A cardiac surgeon, Michael Reardon (who I described as cocky and folksy in my 2015 post on TAVR), presented the results of the  EVOLUT  trial which randomized 1,468 patients to TAVR with a self-expanding bioprosthesis compared with surgical replacement. The primary endpoint was the composite of death from any cause or disabling stroke at 24 months. At 24 months, death or disabling stroke occurred in 5.3 percent of the TAVR group compared with 6.7 percent of the surgery group,

At 30 days, TAVR was statistically superior to surgery for the secondary combined endpoint of all-cause mortality or disabling stroke (0.8 vs. 2.6 percent). Patients receiving TAVR had significantly better quality of life and hemodynamics at 30 days.

I concur that these studies represent tremendous data that will drive a paradigm shift in the treatment of AS and anticipate that we will rapidly receive approval to use these two TAVR devices in all patients who meet the entry criteria (note that bicuspid AV was an exclusion but a subsequent presentation at ACC19 suggests that outcomes are similar in bicuspid valve patients to tricuspid valve patients).

Transfemorally Yours,

-ACP

ACC15 Presentations Make Nonsurgical Aortic Valve Replacement Look Very Promising

At the ACC meetings yesterday, several “late-breaking clinical trial” presentations provided substantial reasons to be enthusiastic about transcutaneous aortic valve replacement (TAVR) in comparison to standard surgical AV replacement (SAVR).

Five Year Results of First Generation TAVR Show Durability

Michael Mack, from Baylor, presented the 5 year follow-up of the ground breaking PARTNER trial results  and they were simultaneously published here.

This study randomized high risk surgical patients with severe aortic stenosis to treatment with a balloon-expandable bovine pericardial tissue valve employed by either a transfemoral (2/3) or transapical approach or a standard surgical aortic valve replacement.

There was no difference in death rate at 5 years between TAVR (68%) and SAVR (62%) in this trial of Edwards Lifescience’s first generation Sapien device.

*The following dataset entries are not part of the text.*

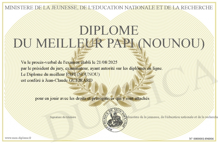Envoyez par email votre Diplôme du meilleur PAPI (NOUNOU) personalisé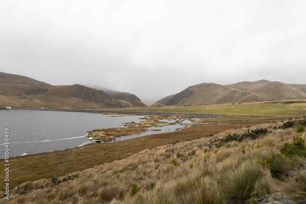 Calm Andean lake surrounded by misty mountains and pramo grass, creating a serene natural highland landscape view.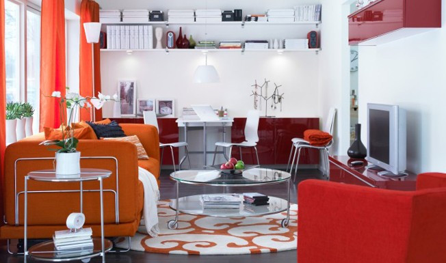 这种配色方案使房间显得充满活力、生气勃勃,适用于装饰家庭活动室、厨房、游戏室,甚至是家庭办公室。由于强烈的反差和对比,建议使用互补色时,将他们的比例调整为一个作为主体色,一个作为点缀色。并且适当的使用自然的木头色、黑色或是白色进行调和。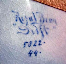 Handwritten ink mark, "Royal Bonn, Delft", dated 1890 - 1920.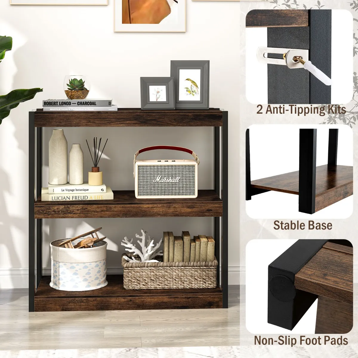 Het robuuste boekenkast wordt geleverd met 3 legplanken voor boeken, foto’s en decoraties. Dankzij de duurzame houten constructie kan het boekenrek tot 80/120 kg dragen. Uitgerust met twee kantelbeveiligingssets zorgt het voor stabiliteit en veiligheid bij veelzijdig gebruik als plantenstandaard of keukenrek. Het naadloos overkoepelende ontwerp maakt een eenvoudige organisatie en een elegante uitstraling mogelijk, met schroefgatafdekkingen voor een uniform uitziend oppervlak. Het splintervrije materiaal vereenvoudigt onderhoud en reiniging.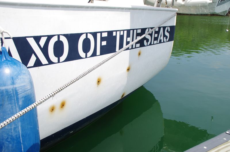 The skipper could no longer idle around and grabbed screwdriver and steel brush to open around fifty little rust nests around the ship. Everything was taken care of with anti-rust and paint and three days later the ship looks a lot better. Unfortunately I couldn’t finish with the cover paint as today it was raining nearly constantly. – Well, this will have to wait, then…
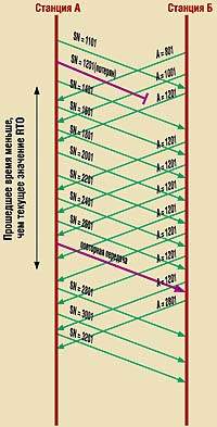 Поясним сказанное на примере. Предположим, что станция А передала последовательность сегментов, первый из которых был потерян. До тех пор, пока окно отправления станции А не обнулится и RTO не закончится, эта станция будет продолжать передавать сегменты, не дожидаясь получения подтверждений на ранее отосланные. Станция Б получила все сегменты за исключением первого. Ей надлежит помещать все принимаемые сегменты в буфер, пока не поступит копия потерянного сегмента. Более того, станция Б не может отправить данные приложению и тем самым очистить свой буфер до поступления этой копии. Если повторная передача потерянного сегмента по каким-то причинам сильно задержится, то после заполнения буфера станция Б начнет отбрасывать новые входящие сегменты.
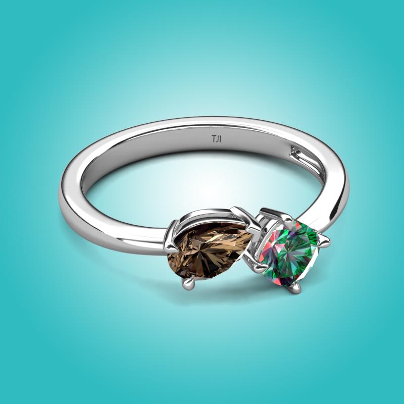 The Smoky Quartz Pear Shape and Lab Created Alexandrite Cushion Shape Two Stone Engagement Ring of 1.46 ctw set in a Prong setting, is a stunning piece of jewelry that features a unique "Toi et Moi" design, which means "You and Me" in French, symbolizing the union of two souls in love and giving a comfort fit to the wearer.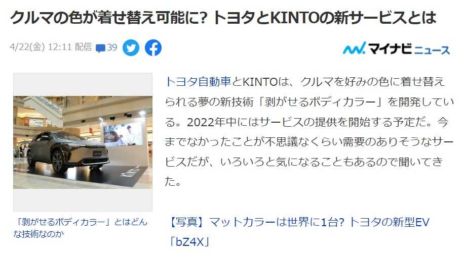 <■クルマの色が着せ替え可能に? トヨタとKINTOの新サービスとは>マイナビニュース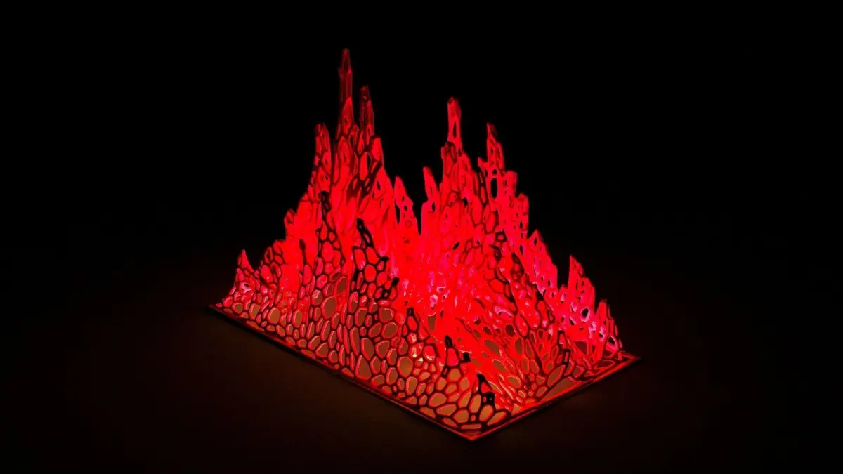 Fire flame voronoi. Tongues of fire, a lovely halloween lamp. The flame is located in a circle. You can put an electric candle in the center and then you get a very stylish lamp. Perfectly fit into the interior of the house or office.

Interestingly, follow up with echocardiography showed durability of  both surgical and catheter-implanted aortic valves with the mean gradient staying at 11 mm Hg and aortic valve areas at around 1.5 cm2.

Two Year Mortality/Stroke Rates Show Superiority of Corevalve TAVR over SAVR

The very next presentation at this session came from another surgeon from Texas named Mike, the cocky and folksy Mike Reardon, on the two year results of a competing technology in the TAVR field.

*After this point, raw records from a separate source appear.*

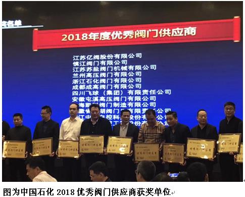 蘇鹽和億閥等公司榮獲“中國石化2018年度優(yōu)秀閥門供應(yīng)商”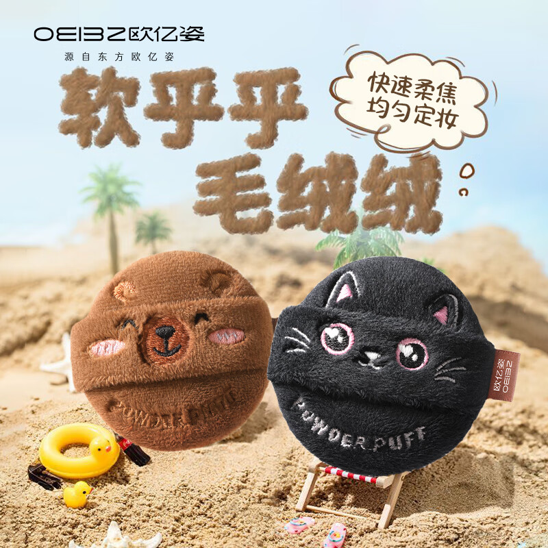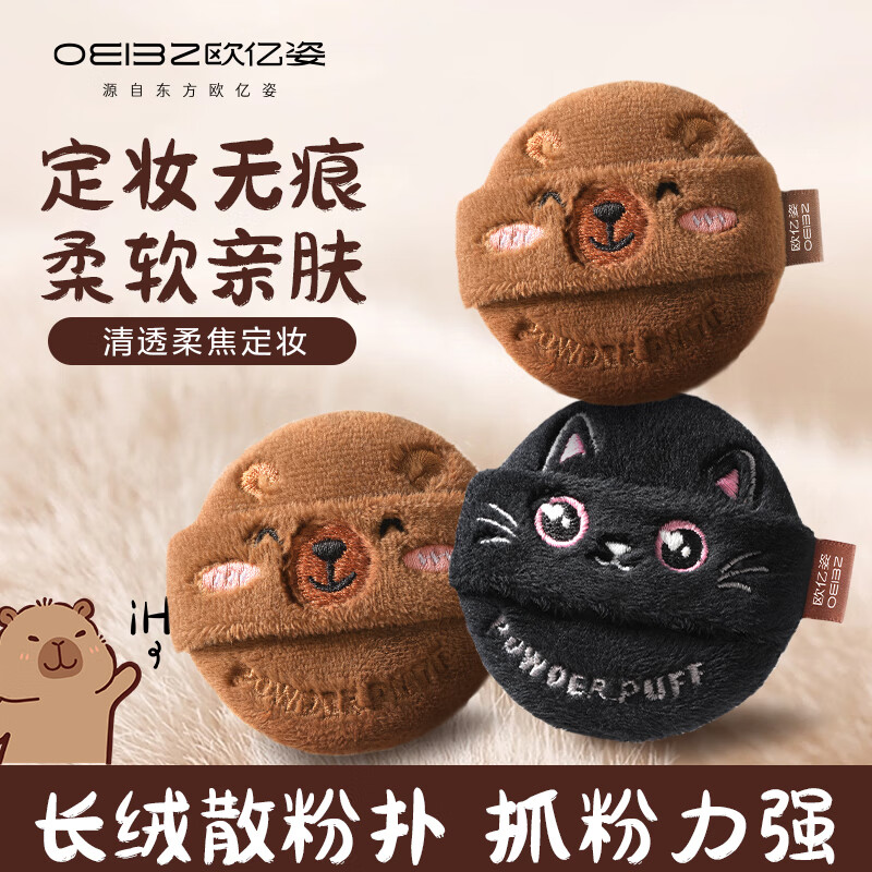 欧亿姿(oeiez)散粉扑长绒定妆粉扑植绒粉扑不易吃粉服帖不掉绒取粉力强1枚装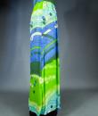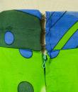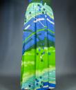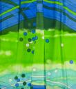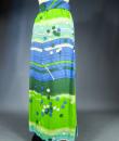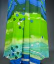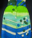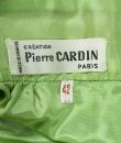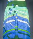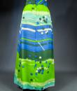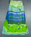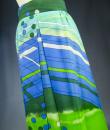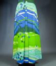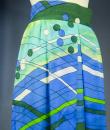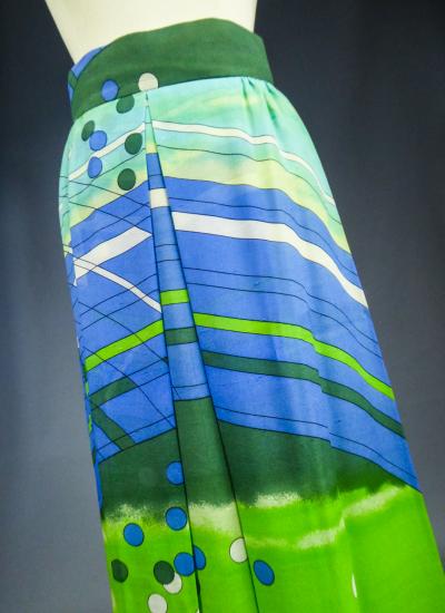 Long skirt by Pierre Cardin Paris Circa 1980. Silk crepe printed in a camaieu of green and blue with patterns of geometric lines and circles of Modernist taste. Large waist belt and large box pleats at the front giving the sweep to the skirt which attaches behind with zip and hooks. Lining of the skirt in light green nylon. Woven label indicating Creation Pierre Cardin Paris. Very good condition of color and conservation.
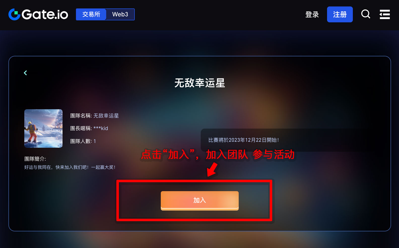 2,老用戶可跳過注冊,直接接加入團隊賽。
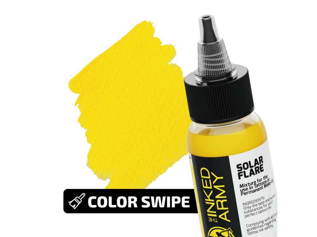 THE INKED ARMY Solar Flare is een heldere, energieke tint geïnspireerd op een zonnevlam. Het combineert warme tinten geel en oranje voor maximale visuele intensiteit en een sterk contrast.

The Corevalve TAVR device made by Medtronic is self-expandable as opposed to the balloon-expanded Sapien device and Dr. Reardon declared the results with this device so good that they were “unique and provocative”.  Slides of presentation available here.

Indeed, the Corevalve TAVR two year follow up results showed a significantly lower mortality rate for TAVR (22%) versus SAVR (29%) and a LOWER stroke rate for TAVR (11%) versus (17%).

There was no difference in major stroke between the approaches.
TAVR had a lower mortality plus major stroke rate (24%) versus SAVR (32.5%).
These were dramatic results, indicating for the first time that TAVR may be a superior approach for aortic stenosis in patients who are high AND intermediate in their risk for surgery.
In the discussion that followed, Dr. Reardon asserted that TAVR using the Corevalve approach should be considered the preferred approach to high and intermediate surgical risk patients with severe aortic stenosis.

Will TAVR Become The Procedure of Choice for Severe Aortic Stenosis?

These studies suggest to me for the first time that TAVR may ultimately replace SAVR for all patients with severe aortic stenosis, low to high in their risk for surgery.

Clearly, we need ongoing follow up of these patients and more long term data, but as these devices improve and the operators gain more experience it is likely that results will only get better.

This represents a huge paradigm shift in our approach to valvular heart disease.